L’âge des morts

Une tombe dans le cimetière de Montreuil-L’Argillé (Eure)

Qui randonne à pied ou à vélo fréquente les cimetières. Depuis la disparition des fontaines publiques, c’est en effet dans ces lieux voués aux morts qu’on trouve le plus facilement de l’eau, ce liquide de vie.

Je vais donc souvent dans les cimetières et, m’étant abreuvé, je regarde un moment les tombes. Sur certaines, des photos ont été placées, protégées (plus ou moins) de l’usure par un revêtement d’émail ou de verre. Et à chaque fois, je suis étonné par l’âge des personnes photographiées, qui est le plus souvent celui de leur mort, comme si leur vie avait tout entière été tendue et signifiée par cet instant ultime.

C’est particulièrement frappant dans le cas de celles et ceux qui ont eu la chance (?) de mourir vieux : l’image laissée à la postérité par les photos de cimetière est le plus souvent celle d’une vieille femme ou d’un vieillard un peu décati, ou affaibli, ou usée par la vie. Ni l’énergie, ni la beauté et la gloire de la jeunesse ne se devinent dans ces visages où le temps est passé.

Et pourtant, avant que d’être vieux, ils ont bien été jeunes, et joyeux, et pétillants ! Mais de cette jeunesse et de cette force, le cimetière ne garde pas la trace.

Je discutais de cela avec Benjamin, l’autre jour. Il y a peut-être, au fond de cette représentation des morts si coutumière que nous ne la distinguons plus, l’idée que la vie est un processus ascendant, qu’on est plus soi à vingt ans qu’on ne l’était à dix, à quarante qu’on ne l’était à vingt, à soixante qu’on ne l’était à quarante ; et que c’est donc dans les derniers mois de sa vie que, sauf maladie sans doute, on est le plus complètement soi-même, ayant eu le loisir et le temps de s’accomplir, d’atteindre la plénitude de son être.

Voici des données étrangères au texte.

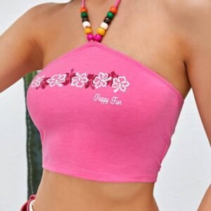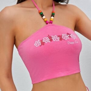 Be the first to review “Floral & Slogan Graphic Wooden Beaded Detail Halter Top” Cancel reply
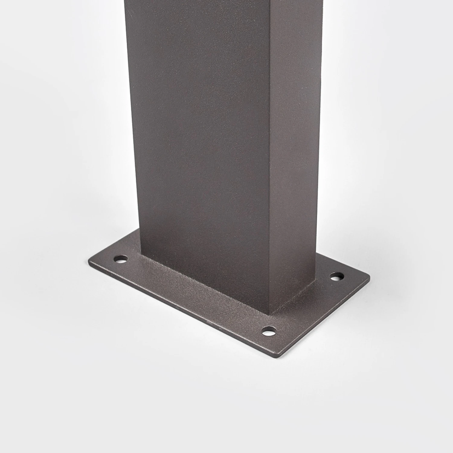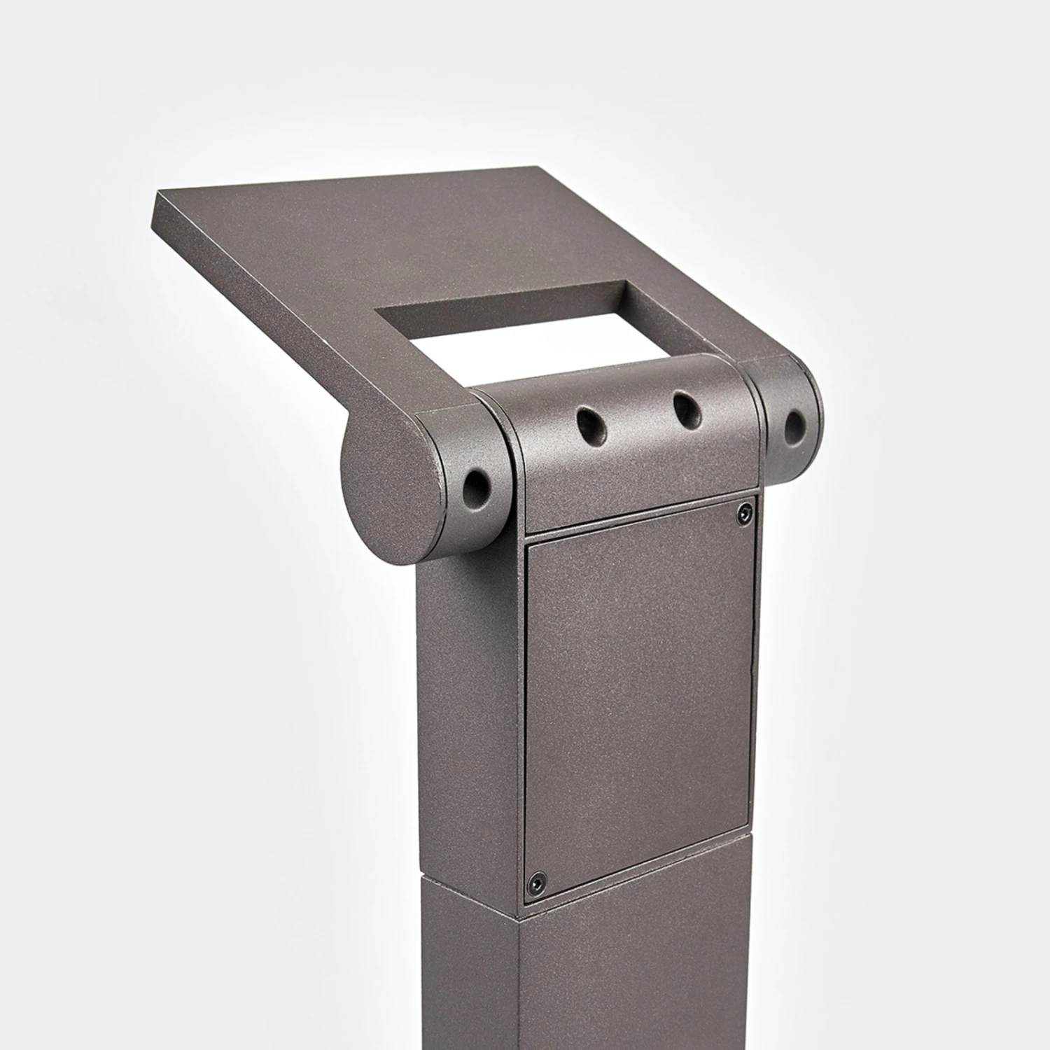 Es ist unschwer zu erkennen, dass die Pollerlampe Marius eher einen modernen Charakter trägt, denn der aus Aluminium bestehende Leuchtenkörper ist grafitgrau lackiert und hat keine auffälligen Details, sondern vermittelt eher einen reduzierten Ausdruck. Der flache Leuchtenkopf ist mit hochwertigen LEDs bestückt, die in einem angenehmen Warmweiß leuchten und ein helles Licht erzeugen. Um den Lichtschein besser ausrichten zu können, ist die LED-Pollerlampe mit einem Gelenk versehen, anhand dessen man den Leuchtenkopf nach oben und unten bewegen kann.

Je ne suis pourtant pas certain que cela soit vrai ni même que quiconque y croie. Je ne pense pas que la vie soit une longue progression, non plus d’ailleurs qu’une lente dégringolade ou une courbe en cloche façon Gauss. Nous avançons à chaque instant du mieux ou du moins mal que nous pouvons, utilisant ce que nous avons appris et mésusant ce que nous avons désappris. Nous ne sommes pas plus ou moins nous-mêmes à quatre-vingt ans qu’à vingt.

L’image des cimetières n’exprime pas ce que nous avons été mais ce que nous laissons. Et aussi choquant, voire scandaleux, que cela puisse paraître, c’est bien notre vieillesse que nous laissons en souvenir lorsque nous mourons vieux. Jeunes, beaux, forts et dynamiques, nous l’avons sans doute été ; mais dans un passé à jamais révolu et à jamais enfui, qui a déjà donné ce qu’il pouvait donner et n’a plus aucune réalité.

Seuls échappent à cette fuite du temps les vedettes dont l’image s’est figée dans la jeunesse ou la plénitude. Mais je crains qu’elles ne paient cela au prix fort et que, prisonnières de leur image, elles ne puissent plus vivre leur vie.

Car on ne peut à la fois être et avoir été.